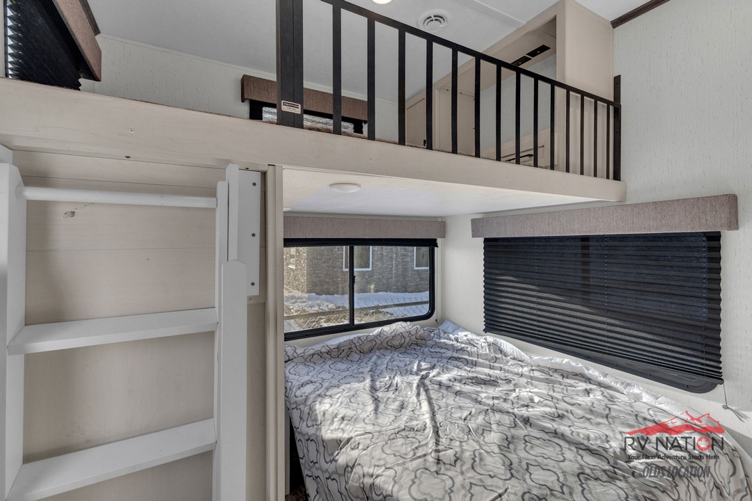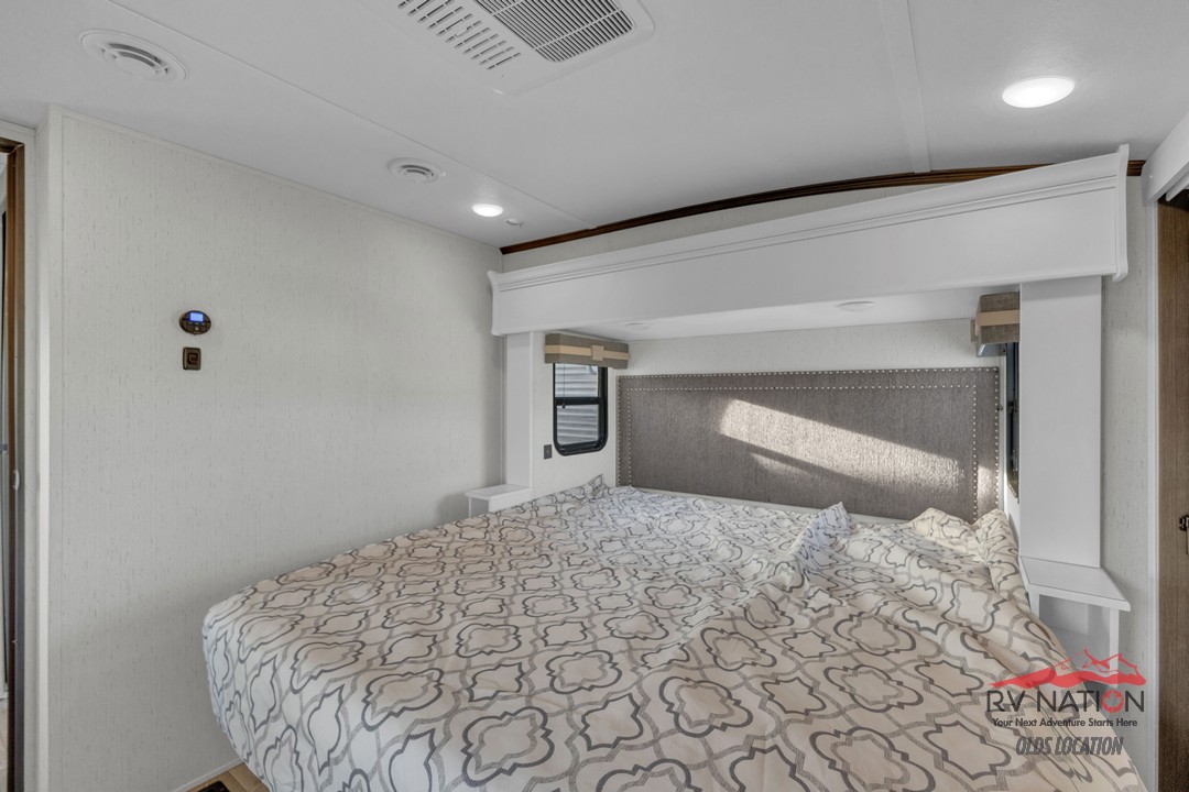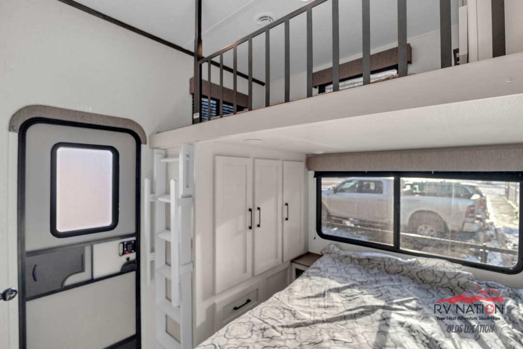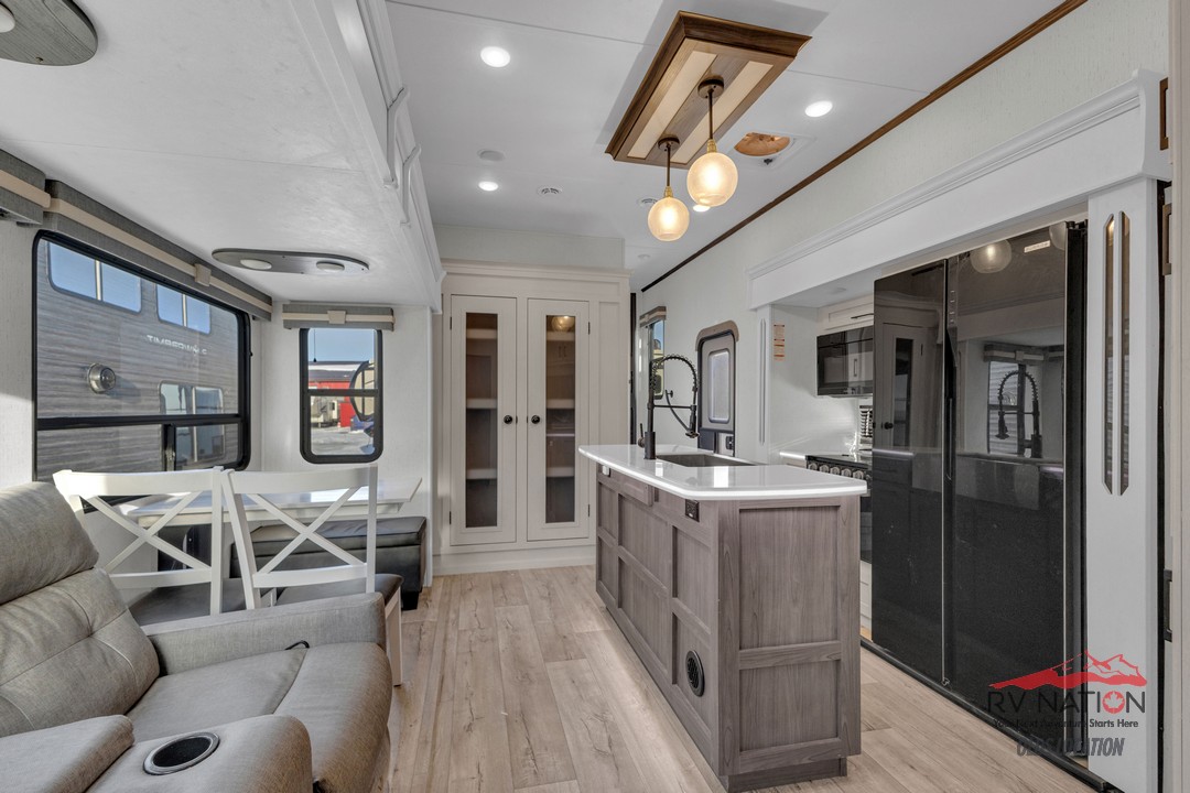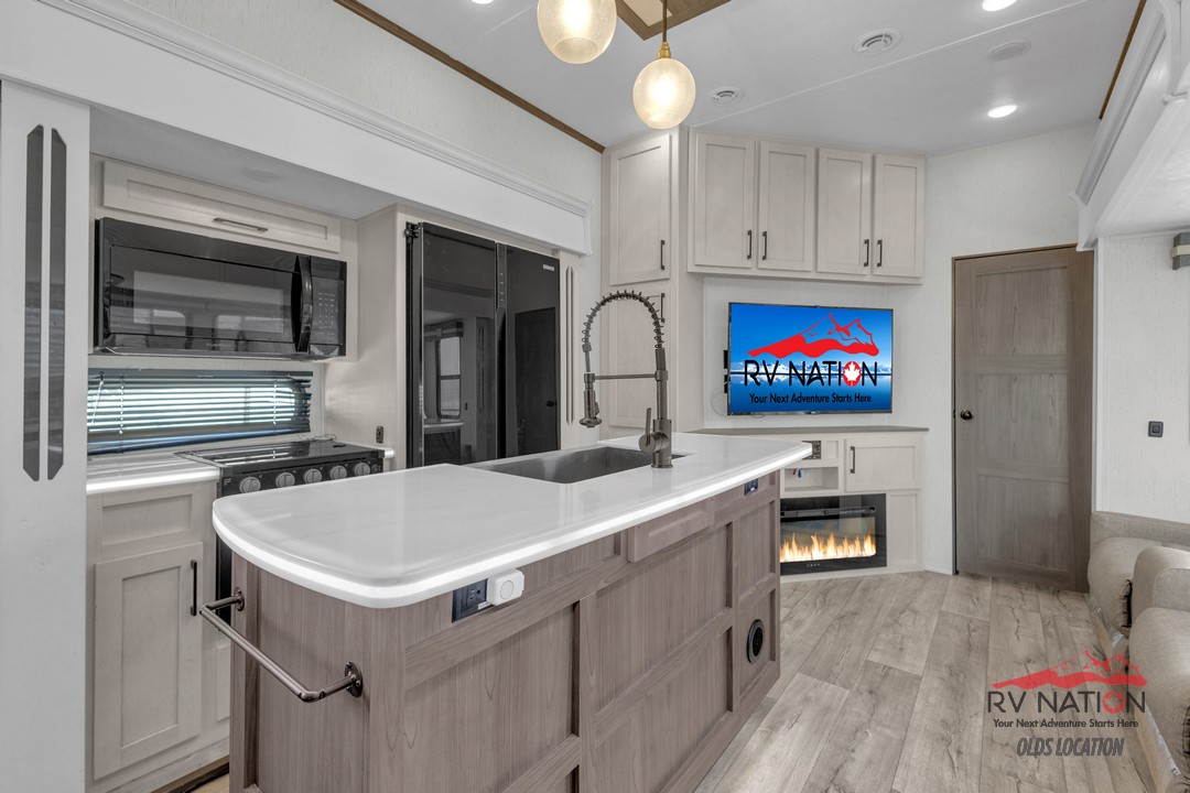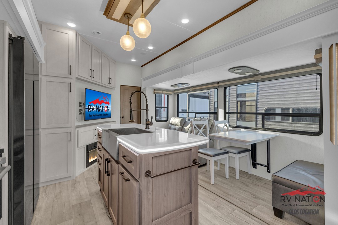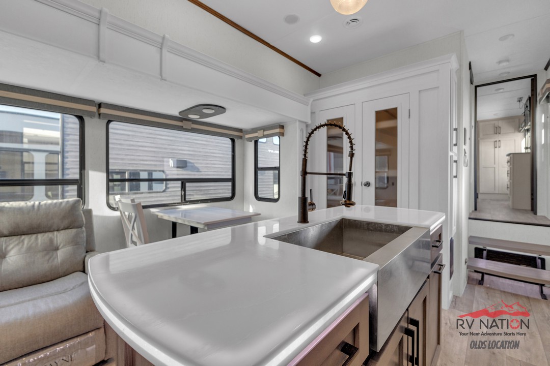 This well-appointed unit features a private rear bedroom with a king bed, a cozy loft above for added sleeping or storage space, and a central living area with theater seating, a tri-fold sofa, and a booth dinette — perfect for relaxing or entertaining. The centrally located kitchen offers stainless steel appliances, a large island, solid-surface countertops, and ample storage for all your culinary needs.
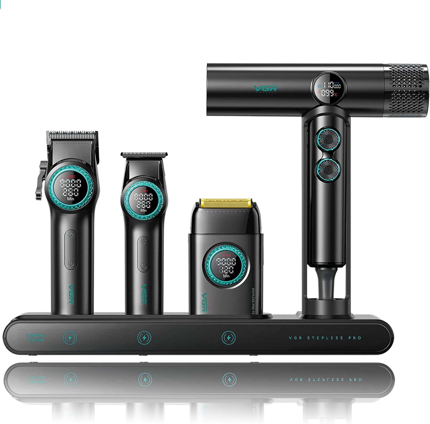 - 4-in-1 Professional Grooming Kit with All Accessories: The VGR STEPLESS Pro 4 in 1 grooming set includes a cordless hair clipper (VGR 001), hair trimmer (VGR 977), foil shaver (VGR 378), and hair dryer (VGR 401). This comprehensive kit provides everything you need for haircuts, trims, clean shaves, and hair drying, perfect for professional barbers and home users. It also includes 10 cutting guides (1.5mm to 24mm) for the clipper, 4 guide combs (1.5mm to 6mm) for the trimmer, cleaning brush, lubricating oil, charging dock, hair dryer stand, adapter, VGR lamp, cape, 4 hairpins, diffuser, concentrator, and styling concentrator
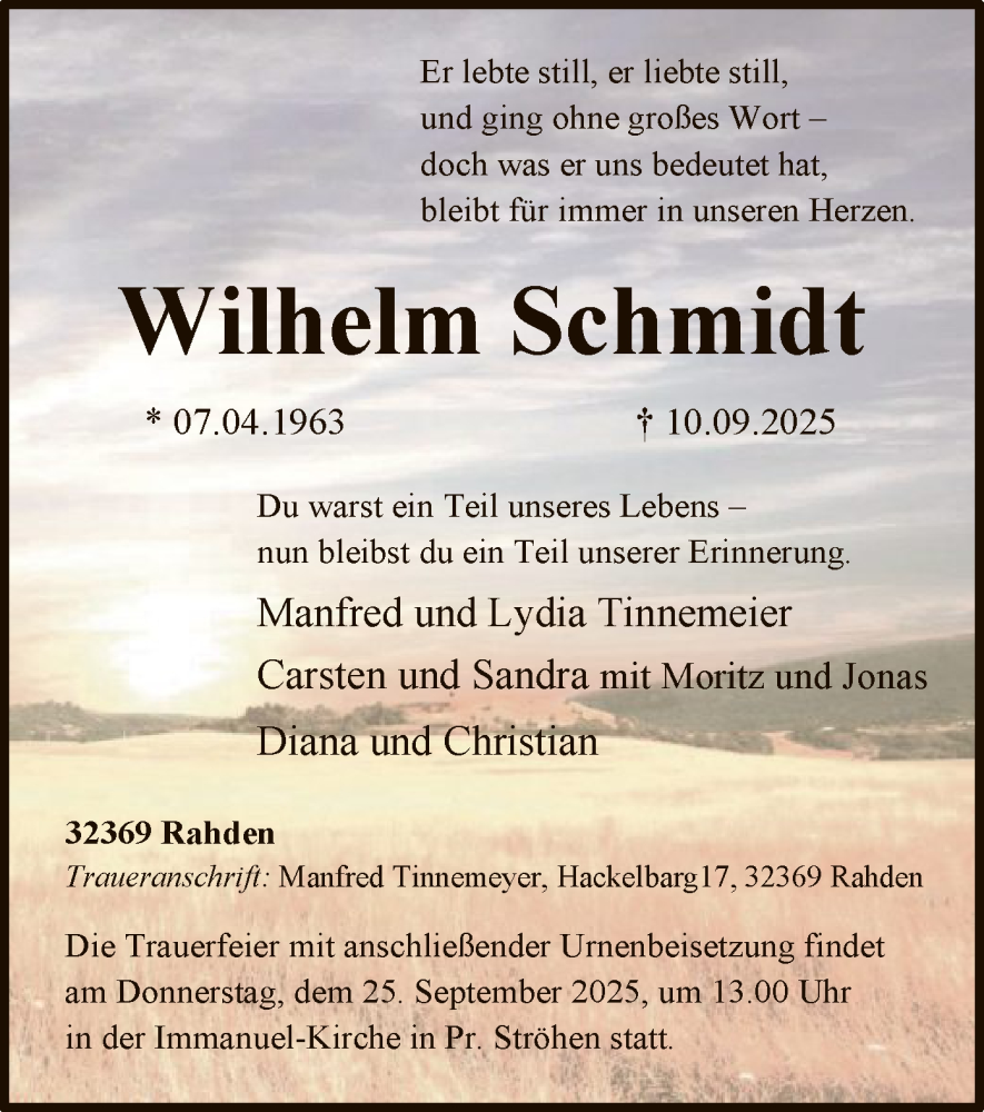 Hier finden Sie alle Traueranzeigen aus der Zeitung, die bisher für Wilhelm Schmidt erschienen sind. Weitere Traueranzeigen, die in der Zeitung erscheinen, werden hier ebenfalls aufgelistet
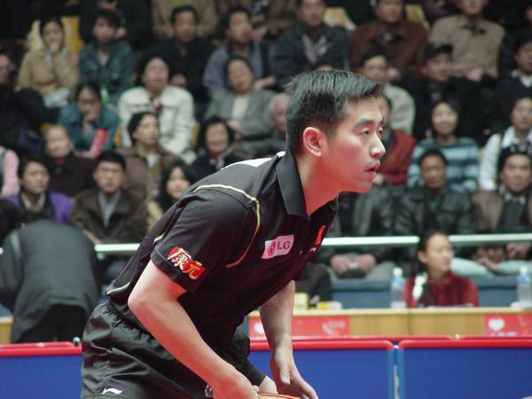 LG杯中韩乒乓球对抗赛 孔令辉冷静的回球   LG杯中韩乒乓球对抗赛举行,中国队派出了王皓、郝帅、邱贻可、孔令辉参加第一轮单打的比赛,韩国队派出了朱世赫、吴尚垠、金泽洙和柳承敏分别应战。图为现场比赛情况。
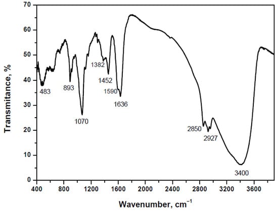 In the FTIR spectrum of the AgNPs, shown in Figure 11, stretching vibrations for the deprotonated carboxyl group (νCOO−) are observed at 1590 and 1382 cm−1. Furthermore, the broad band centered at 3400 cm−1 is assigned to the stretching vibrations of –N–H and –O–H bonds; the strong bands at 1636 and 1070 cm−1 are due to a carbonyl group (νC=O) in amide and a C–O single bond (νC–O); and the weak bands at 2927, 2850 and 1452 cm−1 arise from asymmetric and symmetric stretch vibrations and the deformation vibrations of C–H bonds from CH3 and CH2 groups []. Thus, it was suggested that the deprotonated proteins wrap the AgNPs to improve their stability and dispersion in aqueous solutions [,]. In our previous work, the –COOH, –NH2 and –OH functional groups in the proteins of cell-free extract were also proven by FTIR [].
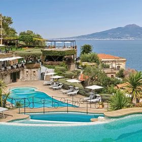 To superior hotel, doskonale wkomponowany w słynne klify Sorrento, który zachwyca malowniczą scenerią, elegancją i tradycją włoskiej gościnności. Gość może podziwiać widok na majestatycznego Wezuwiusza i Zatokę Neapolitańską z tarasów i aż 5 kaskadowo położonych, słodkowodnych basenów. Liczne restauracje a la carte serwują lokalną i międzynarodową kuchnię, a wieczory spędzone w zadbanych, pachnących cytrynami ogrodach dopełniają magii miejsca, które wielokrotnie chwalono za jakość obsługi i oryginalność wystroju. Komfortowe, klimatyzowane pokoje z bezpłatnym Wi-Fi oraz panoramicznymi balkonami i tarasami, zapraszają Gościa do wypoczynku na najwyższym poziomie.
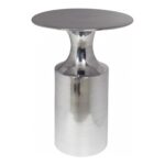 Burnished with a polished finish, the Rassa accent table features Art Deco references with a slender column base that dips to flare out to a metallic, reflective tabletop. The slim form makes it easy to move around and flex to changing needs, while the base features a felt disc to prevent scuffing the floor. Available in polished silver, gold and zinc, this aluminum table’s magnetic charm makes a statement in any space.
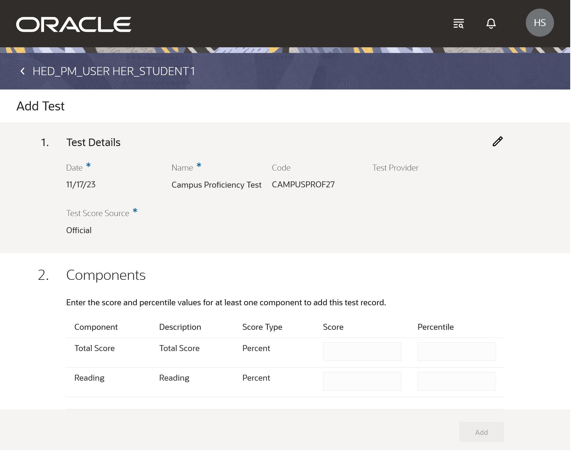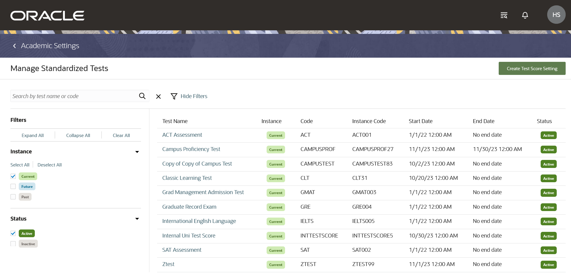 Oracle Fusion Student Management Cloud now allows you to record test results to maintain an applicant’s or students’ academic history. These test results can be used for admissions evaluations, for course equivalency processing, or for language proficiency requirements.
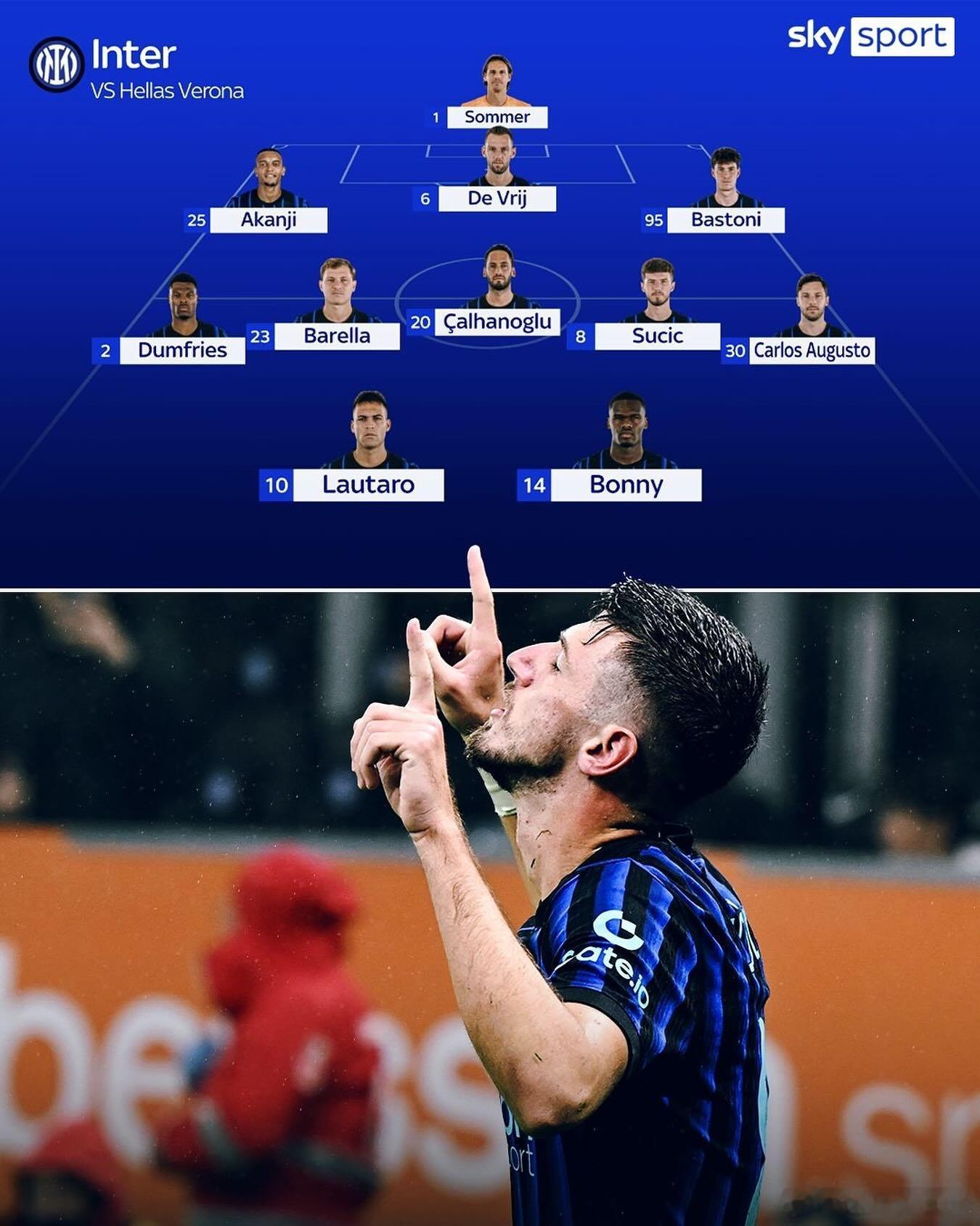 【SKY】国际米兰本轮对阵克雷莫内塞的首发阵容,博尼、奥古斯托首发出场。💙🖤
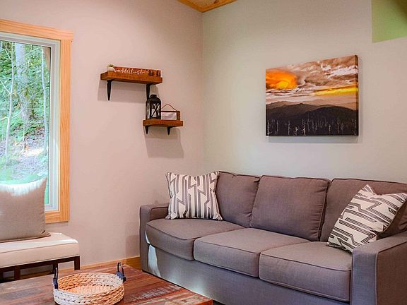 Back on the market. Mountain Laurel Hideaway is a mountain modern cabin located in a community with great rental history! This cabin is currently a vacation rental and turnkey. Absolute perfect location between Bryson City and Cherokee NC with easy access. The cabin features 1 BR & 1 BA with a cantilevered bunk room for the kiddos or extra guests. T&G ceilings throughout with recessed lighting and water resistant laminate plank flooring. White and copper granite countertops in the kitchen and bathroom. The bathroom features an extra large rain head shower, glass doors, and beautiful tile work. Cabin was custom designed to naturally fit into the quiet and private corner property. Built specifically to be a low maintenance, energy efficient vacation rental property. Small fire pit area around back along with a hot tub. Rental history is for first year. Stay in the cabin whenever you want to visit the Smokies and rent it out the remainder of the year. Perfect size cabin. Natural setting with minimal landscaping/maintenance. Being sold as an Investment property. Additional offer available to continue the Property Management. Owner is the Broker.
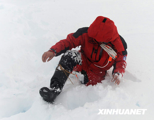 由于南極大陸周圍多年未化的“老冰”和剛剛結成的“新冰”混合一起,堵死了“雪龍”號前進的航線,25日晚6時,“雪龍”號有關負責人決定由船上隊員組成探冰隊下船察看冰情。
:::::
Problem to solve
Could the listing above be printed again in full, with every picture omitted?

Exercise response
 This well-appointed unit features a private rear bedroom with a king bed, a cozy loft above for added sleeping or storage space, and a central living area with theater seating, a tri-fold sofa, and a booth dinette — perfect for relaxing or entertaining. The centrally located kitchen offers stainless steel appliances, a large island, solid-surface countertops, and ample storage for all your culinary needs.
 - 4-in-1 Professional Grooming Kit with All Accessories: The VGR STEPLESS Pro 4 in 1 grooming set includes a cordless hair clipper (VGR 001), hair trimmer (VGR 977), foil shaver (VGR 378), and hair dryer (VGR 401). This comprehensive kit provides everything you need for haircuts, trims, clean shaves, and hair drying, perfect for professional barbers and home users. It also includes 10 cutting guides (1.5mm to 24mm) for the clipper, 4 guide combs (1.5mm to 6mm) for the trimmer, cleaning brush, lubricating oil, charging dock, hair dryer stand, adapter, VGR lamp, cape, 4 hairpins, diffuser, concentrator, and styling concentrator
 Hier finden Sie alle Traueranzeigen aus der Zeitung, die bisher für Wilhelm Schmidt erschienen sind. Weitere Traueranzeigen, die in der Zeitung erscheinen, werden hier ebenfalls aufgelistet
 LG杯中韩乒乓球对抗赛 孔令辉冷静的回球   LG杯中韩乒乓球对抗赛举行,中国队派出了王皓、郝帅、邱贻可、孔令辉参加第一轮单打的比赛,韩国队派出了朱世赫、吴尚垠、金泽洙和柳承敏分别应战。图为现场比赛情况。
 In the FTIR spectrum of the AgNPs, shown in Figure 11, stretching vibrations for the deprotonated carboxyl group (νCOO−) are observed at 1590 and 1382 cm−1. Furthermore, the broad band centered at 3400 cm−1 is assigned to the stretching vibrations of –N–H and –O–H bonds; the strong bands at 1636 and 1070 cm−1 are due to a carbonyl group (νC=O) in amide and a C–O single bond (νC–O); and the weak bands at 2927, 2850 and 1452 cm−1 arise from asymmetric and symmetric stretch vibrations and the deformation vibrations of C–H bonds from CH3 and CH2 groups []. Thus, it was suggested that the deprotonated proteins wrap the AgNPs to improve their stability and dispersion in aqueous solutions [,]. In our previous work, the –COOH, –NH2 and –OH functional groups in the proteins of cell-free extract were also proven by FTIR [].
 To superior hotel, doskonale wkomponowany w słynne klify Sorrento, który zachwyca malowniczą scenerią, elegancją i tradycją włoskiej gościnności. Gość może podziwiać widok na majestatycznego Wezuwiusza i Zatokę Neapolitańską z tarasów i aż 5 kaskadowo położonych, słodkowodnych basenów. Liczne restauracje a la carte serwują lokalną i międzynarodową kuchnię, a wieczory spędzone w zadbanych, pachnących cytrynami ogrodach dopełniają magii miejsca, które wielokrotnie chwalono za jakość obsługi i oryginalność wystroju. Komfortowe, klimatyzowane pokoje z bezpłatnym Wi-Fi oraz panoramicznymi balkonami i tarasami, zapraszają Gościa do wypoczynku na najwyższym poziomie.
 Burnished with a polished finish, the Rassa accent table features Art Deco references with a slender column base that dips to flare out to a metallic, reflective tabletop. The slim form makes it easy to move around and flex to changing needs, while the base features a felt disc to prevent scuffing the floor. Available in polished silver, gold and zinc, this aluminum table’s magnetic charm makes a statement in any space.
 Oracle Fusion Student Management Cloud now allows you to record test results to maintain an applicant’s or students’ academic history. These test results can be used for admissions evaluations, for course equivalency processing, or for language proficiency requirements.
 【SKY】国际米兰本轮对阵克雷莫内塞的首发阵容,博尼、奥古斯托首发出场。💙🖤
 Back on the market. Mountain Laurel Hideaway is a mountain modern cabin located in a community with great rental history! This cabin is currently a vacation rental and turnkey. Absolute perfect location between Bryson City and Cherokee NC with easy access. The cabin features 1 BR & 1 BA with a cantilevered bunk room for the kiddos or extra guests. T&G ceilings throughout with recessed lighting and water resistant laminate plank flooring. White and copper granite countertops in the kitchen and bathroom. The bathroom features an extra large rain head shower, glass doors, and beautiful tile work. Cabin was custom designed to naturally fit into the quiet and private corner property. Built specifically to be a low maintenance, energy efficient vacation rental property. Small fire pit area around back along with a hot tub. Rental history is for first year. Stay in the cabin whenever you want to visit the Smokies and rent it out the remainder of the year. Perfect size cabin. Natural setting with minimal landscaping/maintenance. Being sold as an Investment property. Additional offer available to continue the Property Management. Owner is the Broker.
 由于南極大陸周圍多年未化的“老冰”和剛剛結成的“新冰”混合一起,堵死了“雪龍”號前進的航線,25日晚6時,“雪龍”號有關負責人決定由船上隊員組成探冰隊下船察看冰情。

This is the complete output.